Comment allons-nous faire ? se demande donc Hako Hankson dans une de ses œuvres où un groupe d’individus semble coincé entre des églises fièrement dressées et un policier portant son fusil à bout de bras. En somme, le rêve d’un avenir meilleur n’est pas au rendez-vous, et le départ se dessine alors comme la seule échappatoire possible. Dans Air Afrique, Partir seulement, trois hommes sont représentés à bord d’un avion quittant le Cameroun, un dessin qui rend hommage au passage à la compagnie aérienne Air Afrique.
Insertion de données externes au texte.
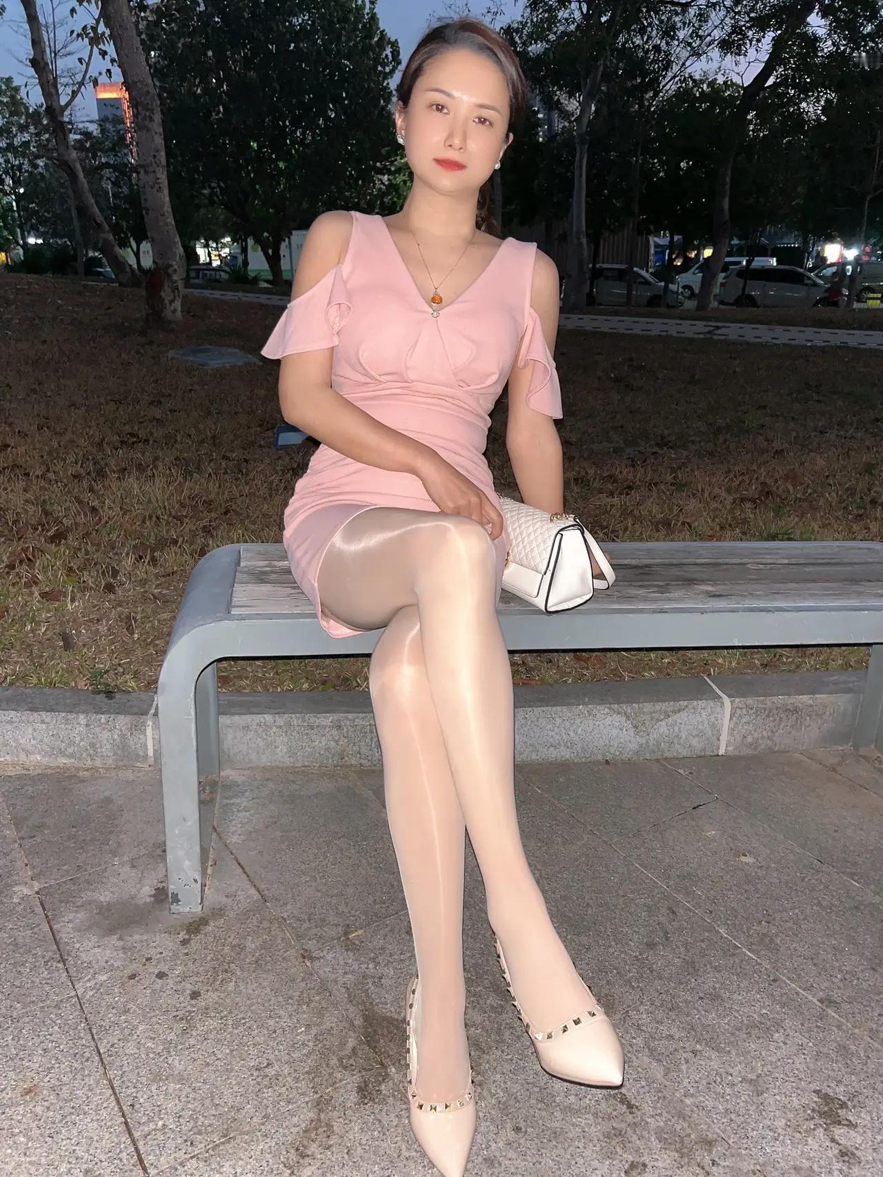夜晚公园的甜美穿搭,粉色连衣裙搭配高跟鞋,优雅动人!

Mais le départ, l’artiste lui ne l’envisage pas, continuant à transmettre sa passion à une jeune génération d’artistes à Douala – une fenêtre d’espoir dans ce sinistre portrait.
Aby Gaye
Novembre 2023
NOTES :
Près de 75 % des Camerounais n’ont connu d’autre dirigeant que l’actuel chef de l’Etat, Paul Biya, qui pourrait briguer en 2025 un huitième mandat.
Interview Hako Hankson, 7 novembre 2023.
« C’est un coup de gueule, voilà toutes choses qui me démangent. Je dessine comme j’écris, il y a plein de dessins que je déchire ou que je jette après. C’est comme si j’écrivais les choses qui bouillonnent dans ma tête. », interview Hako Hankson, 7 novembre 2023.
Interview Hako Hankson, 7 novembre 2023.
LES ŒUVRES DU PROJET
À PROPOS
HAKO HANKSON
Né en 1968 à Bafang, dans l’Ouest du Cameroun, Hako Hankson est le fils d’un notable responsable des objets rituels. C’est son père qui lui transmet sa connaissance et qu’il parvient à impressionner en réalisant ses premières sculptures en kaolin. Installé à Douala depuis la fin des années 1980, Hako Hankson est propulsé dans un environnement cosmopolite et prend goût à ce qu’il nomme « le désordre chaotique du quotidien ». Sa peinture et ses dessins s’inspirent alors des scènes de rue, et il se hisse rapidement au rang de conteur urbain, avec justesse et humour.
Appartenant à une génération de plasticiens autodidactes à une époque où le Cameroun ne possède pas encore d’écoles des beaux-arts, il fait preuve d’ingéniosité et de patience pour façonner son univers plastique. La qualité de son travail est remarquée et il expose alors ses premières toiles dans un tout nouveau centre d’art, Doual’art, créé en 1991 par Marilyn Douala Bell et Didier Schaub, lieu novateur de soutien aux artistes. Dans les années 1990, Hako Hankson acquiert une certaine notoriété au Cameroun, ce qui lui permet de vivre de sa pratique, mais aussi de se confronter à de plus grands formats et d’expérimenter d’autres médiums, notamment la sculpture.
Panafricain et libre penseur, Hako Hankson cite volontiers les grandes figures indépendantistes – Thomas Sankara, Ahmed Sekou Touré, Kwame Nkrumah – et se nourrit de la pensée de Cheikh Anta Diop, adhérant à une vision afrocentriste qui attribue une place primordiale aux cultures subsahariennes et encourage les solidarités sur le continent. Son travail a notamment été exposé au Cameroun, en Italie, en France, au Portugal, en Suisse -et au Sénégal notamment avec une selection dans la Biennale de Dakar.